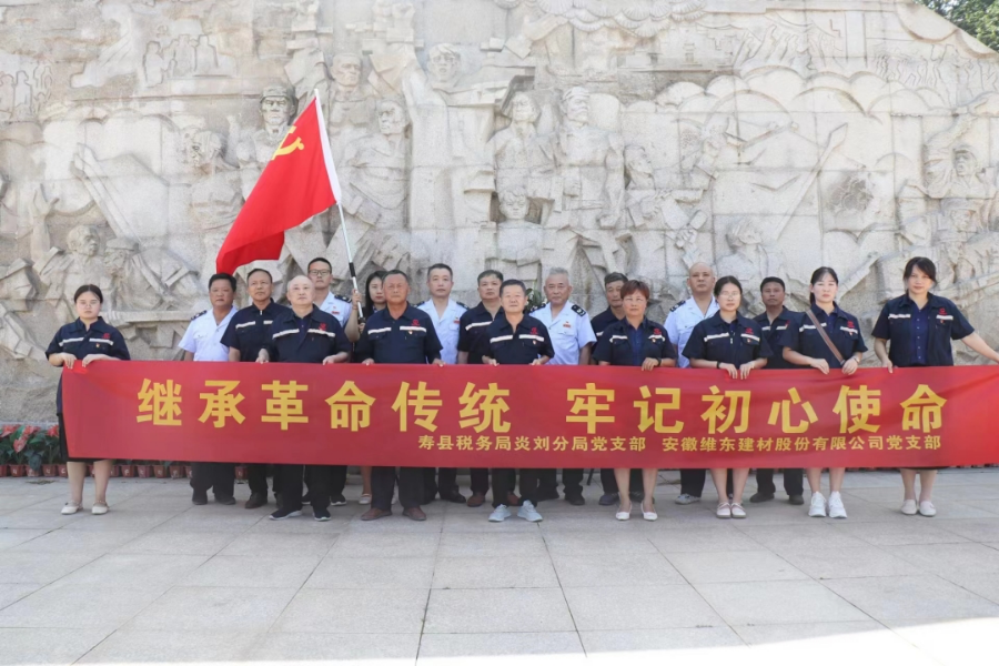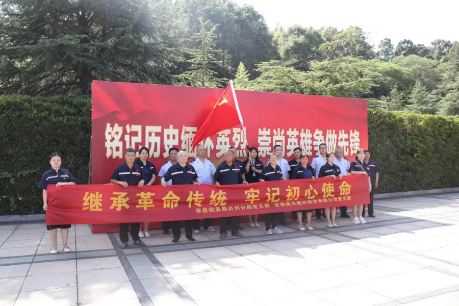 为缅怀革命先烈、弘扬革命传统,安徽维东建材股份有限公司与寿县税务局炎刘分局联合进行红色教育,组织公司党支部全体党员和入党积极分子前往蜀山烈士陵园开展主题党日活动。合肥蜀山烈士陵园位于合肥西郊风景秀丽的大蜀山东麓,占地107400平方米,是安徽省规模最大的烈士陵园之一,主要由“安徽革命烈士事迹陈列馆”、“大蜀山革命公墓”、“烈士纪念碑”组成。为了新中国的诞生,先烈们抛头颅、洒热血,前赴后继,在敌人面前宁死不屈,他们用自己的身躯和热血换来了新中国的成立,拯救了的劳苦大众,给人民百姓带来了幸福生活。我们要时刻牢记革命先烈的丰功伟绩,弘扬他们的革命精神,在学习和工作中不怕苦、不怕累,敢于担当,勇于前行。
...
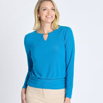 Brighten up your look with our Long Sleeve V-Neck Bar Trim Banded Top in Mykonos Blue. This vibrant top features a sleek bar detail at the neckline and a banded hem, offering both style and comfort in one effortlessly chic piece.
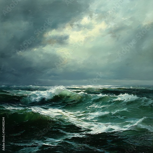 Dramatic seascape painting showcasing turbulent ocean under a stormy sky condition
---
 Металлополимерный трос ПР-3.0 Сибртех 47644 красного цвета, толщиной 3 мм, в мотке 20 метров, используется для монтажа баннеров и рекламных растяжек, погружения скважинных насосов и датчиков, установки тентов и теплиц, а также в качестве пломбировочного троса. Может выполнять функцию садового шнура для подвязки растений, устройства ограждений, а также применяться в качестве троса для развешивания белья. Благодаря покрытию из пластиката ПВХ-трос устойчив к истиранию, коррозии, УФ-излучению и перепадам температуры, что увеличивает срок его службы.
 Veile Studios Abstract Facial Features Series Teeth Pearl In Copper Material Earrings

Goal of the exercise =
"Brighten up your" marks the first line to copy, and "Dramatic seascape painting" marks the last. Repeat that stretch above exactly, with no pictures.

Response to the exercise =
 Brighten up your look with our Long Sleeve V-Neck Bar Trim Banded Top in Mykonos Blue. This vibrant top features a sleek bar detail at the neckline and a banded hem, offering both style and comfort in one effortlessly chic piece.
 Dramatic seascape painting showcasing turbulent ocean under a stormy sky condition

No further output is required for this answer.